La grand-mère de Willy -petit garçon intrépide, habitant de Nix- s'est fait enlevée par un monstre. Willy décide de partir à sa recherche. Mais la route sera pleine d'embûches et de surprises...



Un beau court-métrage, qui parvient très bien à affirmer son côté fantastique, que ce soit par son scénario quelque peu extravagant, par son décors enchanteur ou ses personnages attachants. Le spectateur est pris dans ce conte merveilleux, à l'ambiance rappelant les contes de fées, mais insistant tout de même sur leur côté obscur.

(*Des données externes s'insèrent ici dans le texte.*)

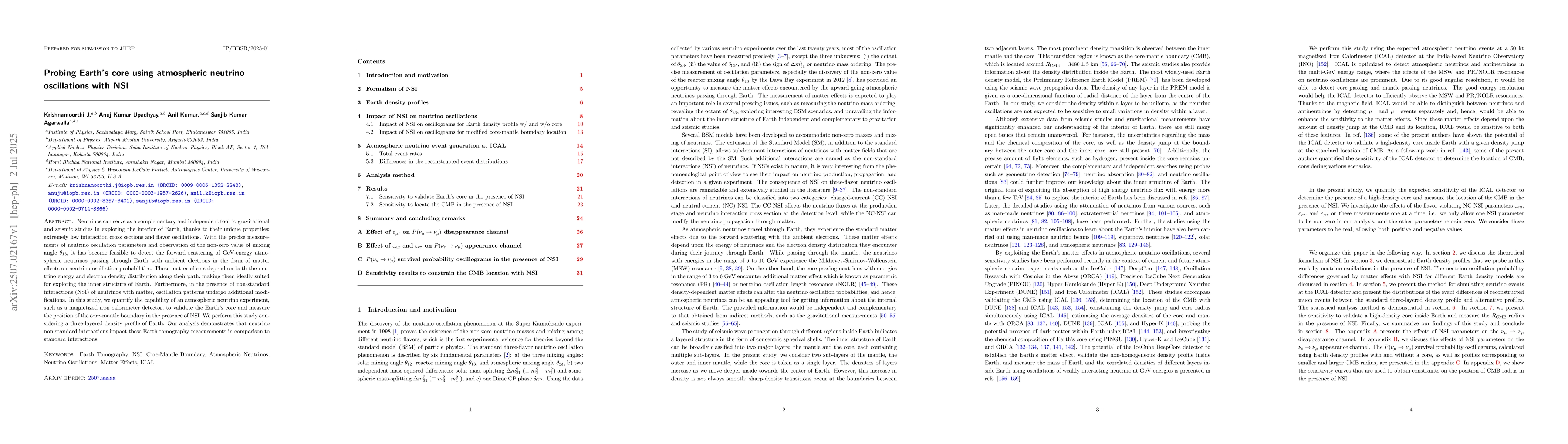 Neutrinos can serve as a complementary and independent tool to gravitational and seismic studies in exploring the interior of Earth, thanks to their unique properties: extremely low interaction cross sections and flavor oscillations. With the precise measurements of neutrino oscillation parameters and observation of the non-zero value of mixing angle $\theta_{13}$, it has become feasible to detect the forward scattering of GeV-energy atmospheric neutrinos passing through Earth with ambient electrons in the form of matter effects on neutrino oscillation probabilities. These matter effects depend on both the neutrino energy and electron density distribution along their path, making them ideally suited for exploring the inner structure of Earth. Furthermore, in the presence of non-standard interactions (NSI) of neutrinos with matter, oscillation patterns undergo additional modifications. In this study, we quantify the capability of an atmospheric neutrino experiment, such as a magnetized iron calorimeter detector, to validate the Earth's core and measure the position of the core-mantle boundary in the presence of NSI. We perform this study considering a three-layered density profile of Earth. Our analysis demonstrates that neutrino non-standard interactions impact these Earth tomography measurements in comparison to standard interactions.

Une très belle fin, qui fait sortir de la tendance"morbide" qu'ont la plupart des productions du festival de cette année, malgré le côté noir de ce court-métrage, qui est vraiment à voir.

08/06/2011

BIG BANG BIG BOOM

BIG BANG BIG BOOM est un court-métrage Italien proposé dans la série des CMC 1. Cette vidéo met en scène plusieurs dessins; des animaux ou simplement des formes géométriques qui se poursuives pour mettre en scène une évolution des images et une transformation remarquable de dessin. Elle a été réalisée grâce à la technique de peinture sur mur (animation en stop motion), ce qui a donc permis de donner un peu de fraîcheur et d’énergie à cette sélection.

C’est sûrement la simplicité et la légèreté du synopsis qui ma plu dans ce film. Sans histoire conductrice, mis à part une évolution d’évènements dans l’espace, le développement et les conséquences des dessins. Le réalisateurs ; le peintre dans cette situation ; a proposé une mise en scène très original, en utilisant des endroits désaffectés, des lieux qui serons destiné à être repeint… J’ai une grande admiration pour sa patiente et sa motivation !

Cependant la qualité d’image reste médiocre et je pense que le film pourrait être beaucoup plus fluide, cela laisse donc une marge de progression pour leur prochaine réalisation.

L’artiste BLU à énormément d’imagination et de talent. Aller sur son site, de très belles vidéos : http://www.blublu.org/


Iris

CMC3


C'est parsemées d'avions en papiers que la séance des courts métrages en compétition 3 commença. Je ne vous cache pas que j'aurais bien parler de tout les courts métrages de cette troisième sélection officielle, mais ça aurait été trop dire. Sachez juste qu'ils ont tous quelque chose à prouver.
Je vais essayer de n'en parler que d'un. Pas spécialement mon préféré question animation mais un des seuls à m'avoir bien fait rire. Sadique en haut point, "Chroniques de la poisse" est un remonte moral de première. C'est l'histoire d'un poisson poisseux -pour le coup c'est le cas de le dire- qui, à chaque fois qu'il échappe une bulle de sa bouche, fait porter la poisse à d'autres. En passant par la grand-mère cardiaque ou encore les scouts, la poisse va faire mal. On aurait presque envie de crier VDM à la fin du générique, tel un hymne à la malchance. Normal, la poisse vient de France, par Osman Cerfon.
Je ne pouvais aussi pas parler de CMC 3 sans vous parler du magnifique court polonais "Paths of Hate" . Pure beauté d'animation, sur la confrontation suicidaire de l'homme face à lui même, ses propres démons. Une virée explosive dans les airs. Question d'animation, encore, l'impressionnant "Junk" (image si dessus) de Kirk Hendry pour la Grande Bretagne nous plonge dans l'extrême de la malbouffe. Un court qui m'a parfois fait penser à Tim Burton.

Voilà j'en ai trop dit. Pour finir, allez voir cette sélection, elle est juste parfaitement complète, tout y est !

P.S.: ne partez pas avant la fin, un mix d'Alien et La mouche version Pologne vous attend.

Critique Happy Tree Friends "See You Later Elevator"




Happy Tree Friends sont de petites vidéos de 4 mn environ crée par Mondo média.



Cette épisode "See You Later Elevator", parle d'une bande de 4 animaux qui sont dans un ascenseur. au prochain étage, un ours et son enfant attende l'ascenseur. Pour faire patienter le temps, Le papa ours s'allume une pipe avec une allumette, la jette par la fenêtre mais malencontreusement, le vent fait que l'allumette revient a l'étage du bas et met le feu a un tas de feuilles. Une quantité de gags et de maladresse vont alors arriver au gens de l'immeuble mêlant humour et gore.